TASK GOAL –
In the data that follows, how many lines include the string "each"? Answer with the number alone.

INPUT MATERIAL –

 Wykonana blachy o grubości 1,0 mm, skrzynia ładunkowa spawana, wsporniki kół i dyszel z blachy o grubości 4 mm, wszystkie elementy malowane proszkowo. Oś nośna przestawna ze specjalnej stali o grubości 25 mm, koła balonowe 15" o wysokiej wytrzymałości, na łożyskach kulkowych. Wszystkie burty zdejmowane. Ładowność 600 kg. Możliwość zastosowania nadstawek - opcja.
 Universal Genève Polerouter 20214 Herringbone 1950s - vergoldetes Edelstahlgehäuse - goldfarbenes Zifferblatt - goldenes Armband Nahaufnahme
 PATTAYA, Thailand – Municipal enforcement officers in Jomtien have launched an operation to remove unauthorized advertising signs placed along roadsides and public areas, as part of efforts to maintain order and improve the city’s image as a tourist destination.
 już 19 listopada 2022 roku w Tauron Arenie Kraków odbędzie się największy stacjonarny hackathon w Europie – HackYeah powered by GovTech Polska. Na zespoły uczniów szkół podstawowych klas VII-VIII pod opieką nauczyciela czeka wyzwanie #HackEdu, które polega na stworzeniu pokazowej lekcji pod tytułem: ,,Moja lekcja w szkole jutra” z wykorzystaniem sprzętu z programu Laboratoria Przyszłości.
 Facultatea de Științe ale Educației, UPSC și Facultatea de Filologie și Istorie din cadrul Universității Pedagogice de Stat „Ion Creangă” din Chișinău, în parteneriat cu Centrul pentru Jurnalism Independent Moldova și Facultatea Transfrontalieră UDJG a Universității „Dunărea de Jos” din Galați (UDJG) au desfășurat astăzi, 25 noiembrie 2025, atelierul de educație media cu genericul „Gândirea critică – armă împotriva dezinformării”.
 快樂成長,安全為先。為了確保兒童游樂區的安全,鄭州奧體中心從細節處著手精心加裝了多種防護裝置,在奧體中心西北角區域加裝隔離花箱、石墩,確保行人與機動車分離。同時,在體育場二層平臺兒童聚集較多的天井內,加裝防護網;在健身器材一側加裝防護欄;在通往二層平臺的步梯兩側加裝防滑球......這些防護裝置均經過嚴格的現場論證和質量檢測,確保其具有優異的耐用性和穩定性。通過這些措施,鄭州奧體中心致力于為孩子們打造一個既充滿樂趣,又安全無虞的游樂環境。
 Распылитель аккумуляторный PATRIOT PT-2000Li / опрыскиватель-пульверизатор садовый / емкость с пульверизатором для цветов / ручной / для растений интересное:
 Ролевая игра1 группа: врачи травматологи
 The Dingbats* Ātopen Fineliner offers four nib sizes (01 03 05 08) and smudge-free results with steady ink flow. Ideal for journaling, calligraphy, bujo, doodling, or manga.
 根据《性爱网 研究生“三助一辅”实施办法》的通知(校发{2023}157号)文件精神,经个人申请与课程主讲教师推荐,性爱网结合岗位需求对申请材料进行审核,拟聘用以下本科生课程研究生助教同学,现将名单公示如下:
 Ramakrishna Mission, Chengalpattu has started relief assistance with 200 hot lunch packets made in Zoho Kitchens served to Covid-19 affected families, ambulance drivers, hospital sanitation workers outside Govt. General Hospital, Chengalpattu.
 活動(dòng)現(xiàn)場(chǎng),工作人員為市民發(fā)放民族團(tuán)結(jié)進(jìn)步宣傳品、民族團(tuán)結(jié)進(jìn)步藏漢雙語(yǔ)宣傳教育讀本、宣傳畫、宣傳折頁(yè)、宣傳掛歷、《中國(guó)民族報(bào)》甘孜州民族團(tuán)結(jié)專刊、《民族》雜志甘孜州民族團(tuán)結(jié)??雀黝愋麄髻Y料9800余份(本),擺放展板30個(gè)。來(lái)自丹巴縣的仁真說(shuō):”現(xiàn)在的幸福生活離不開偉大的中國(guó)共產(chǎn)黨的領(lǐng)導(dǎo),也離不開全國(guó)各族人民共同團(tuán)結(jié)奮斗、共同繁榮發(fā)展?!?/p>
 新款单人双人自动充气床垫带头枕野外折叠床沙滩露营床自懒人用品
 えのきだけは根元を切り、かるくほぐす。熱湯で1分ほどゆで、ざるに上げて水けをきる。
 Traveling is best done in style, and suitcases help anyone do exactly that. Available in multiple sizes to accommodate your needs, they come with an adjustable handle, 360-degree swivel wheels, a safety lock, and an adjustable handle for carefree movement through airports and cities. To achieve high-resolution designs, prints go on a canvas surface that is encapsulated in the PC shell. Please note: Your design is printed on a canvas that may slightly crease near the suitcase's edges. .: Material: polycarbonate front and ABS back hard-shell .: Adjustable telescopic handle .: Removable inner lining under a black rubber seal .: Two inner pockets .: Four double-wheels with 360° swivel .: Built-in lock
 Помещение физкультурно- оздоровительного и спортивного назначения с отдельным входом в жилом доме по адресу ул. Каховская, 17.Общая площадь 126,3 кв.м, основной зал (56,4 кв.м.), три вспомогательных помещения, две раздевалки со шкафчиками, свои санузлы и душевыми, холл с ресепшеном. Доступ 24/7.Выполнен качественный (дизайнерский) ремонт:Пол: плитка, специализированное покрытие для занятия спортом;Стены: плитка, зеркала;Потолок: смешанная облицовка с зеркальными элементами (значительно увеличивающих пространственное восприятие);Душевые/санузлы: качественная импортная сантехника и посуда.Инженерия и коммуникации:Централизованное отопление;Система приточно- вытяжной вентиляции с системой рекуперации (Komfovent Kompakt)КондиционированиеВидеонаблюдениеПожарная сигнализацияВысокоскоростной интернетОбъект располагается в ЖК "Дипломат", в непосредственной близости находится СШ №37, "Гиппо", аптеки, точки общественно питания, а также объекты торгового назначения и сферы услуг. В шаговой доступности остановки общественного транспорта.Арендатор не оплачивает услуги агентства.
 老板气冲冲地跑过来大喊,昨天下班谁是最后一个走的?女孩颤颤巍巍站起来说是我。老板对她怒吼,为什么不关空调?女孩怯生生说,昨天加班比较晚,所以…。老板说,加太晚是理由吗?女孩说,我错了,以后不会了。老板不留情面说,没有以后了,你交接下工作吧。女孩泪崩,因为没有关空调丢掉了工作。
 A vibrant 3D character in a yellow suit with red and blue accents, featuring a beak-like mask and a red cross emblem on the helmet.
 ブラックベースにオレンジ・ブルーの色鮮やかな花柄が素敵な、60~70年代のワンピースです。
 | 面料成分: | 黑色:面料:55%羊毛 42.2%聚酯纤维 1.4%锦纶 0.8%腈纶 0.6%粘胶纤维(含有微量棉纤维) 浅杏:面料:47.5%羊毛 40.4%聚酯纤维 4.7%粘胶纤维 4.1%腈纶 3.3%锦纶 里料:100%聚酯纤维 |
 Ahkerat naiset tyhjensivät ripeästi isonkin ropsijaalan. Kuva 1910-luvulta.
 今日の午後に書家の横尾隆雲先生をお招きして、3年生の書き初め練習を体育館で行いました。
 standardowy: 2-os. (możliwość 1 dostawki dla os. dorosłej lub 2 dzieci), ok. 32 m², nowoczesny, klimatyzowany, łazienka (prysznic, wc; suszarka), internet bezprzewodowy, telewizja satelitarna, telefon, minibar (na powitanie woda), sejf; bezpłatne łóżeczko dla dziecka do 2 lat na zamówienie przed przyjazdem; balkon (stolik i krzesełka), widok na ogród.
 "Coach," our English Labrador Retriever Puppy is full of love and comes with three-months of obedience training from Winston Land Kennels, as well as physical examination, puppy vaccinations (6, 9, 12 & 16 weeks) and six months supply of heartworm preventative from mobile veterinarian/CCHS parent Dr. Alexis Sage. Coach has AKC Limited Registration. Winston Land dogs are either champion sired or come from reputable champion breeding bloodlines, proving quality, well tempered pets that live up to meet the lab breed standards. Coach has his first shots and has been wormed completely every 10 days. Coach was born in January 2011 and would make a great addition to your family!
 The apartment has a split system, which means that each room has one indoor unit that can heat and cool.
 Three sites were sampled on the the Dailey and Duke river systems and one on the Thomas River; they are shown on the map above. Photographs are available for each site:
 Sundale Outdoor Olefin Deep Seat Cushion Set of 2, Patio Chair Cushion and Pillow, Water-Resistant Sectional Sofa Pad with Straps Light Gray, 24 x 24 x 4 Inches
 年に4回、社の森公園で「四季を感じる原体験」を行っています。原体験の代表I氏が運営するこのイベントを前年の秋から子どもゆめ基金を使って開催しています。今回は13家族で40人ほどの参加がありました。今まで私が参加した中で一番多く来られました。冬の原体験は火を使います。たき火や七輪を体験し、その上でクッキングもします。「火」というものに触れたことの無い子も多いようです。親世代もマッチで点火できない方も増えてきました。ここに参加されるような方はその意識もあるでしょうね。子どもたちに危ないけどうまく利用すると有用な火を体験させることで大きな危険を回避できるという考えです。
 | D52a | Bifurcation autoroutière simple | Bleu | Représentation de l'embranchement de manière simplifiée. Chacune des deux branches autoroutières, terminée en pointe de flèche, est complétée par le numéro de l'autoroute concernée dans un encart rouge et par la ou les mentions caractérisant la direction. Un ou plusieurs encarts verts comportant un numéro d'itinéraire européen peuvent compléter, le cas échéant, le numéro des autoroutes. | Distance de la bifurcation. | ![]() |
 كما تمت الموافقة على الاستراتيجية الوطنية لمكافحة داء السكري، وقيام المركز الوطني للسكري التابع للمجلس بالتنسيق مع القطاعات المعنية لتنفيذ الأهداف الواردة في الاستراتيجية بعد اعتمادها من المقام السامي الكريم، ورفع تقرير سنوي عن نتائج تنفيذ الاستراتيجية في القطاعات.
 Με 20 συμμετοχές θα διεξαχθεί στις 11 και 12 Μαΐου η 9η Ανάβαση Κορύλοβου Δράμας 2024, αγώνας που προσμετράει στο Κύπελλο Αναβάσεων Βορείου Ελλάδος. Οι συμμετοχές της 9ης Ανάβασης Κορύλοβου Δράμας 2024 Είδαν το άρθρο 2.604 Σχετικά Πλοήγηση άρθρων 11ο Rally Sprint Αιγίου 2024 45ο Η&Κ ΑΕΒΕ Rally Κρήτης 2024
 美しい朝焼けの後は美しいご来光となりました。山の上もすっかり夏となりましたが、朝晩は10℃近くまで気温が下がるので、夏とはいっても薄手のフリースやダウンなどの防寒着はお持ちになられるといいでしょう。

RESULT FOR THIS EXERCISE –
2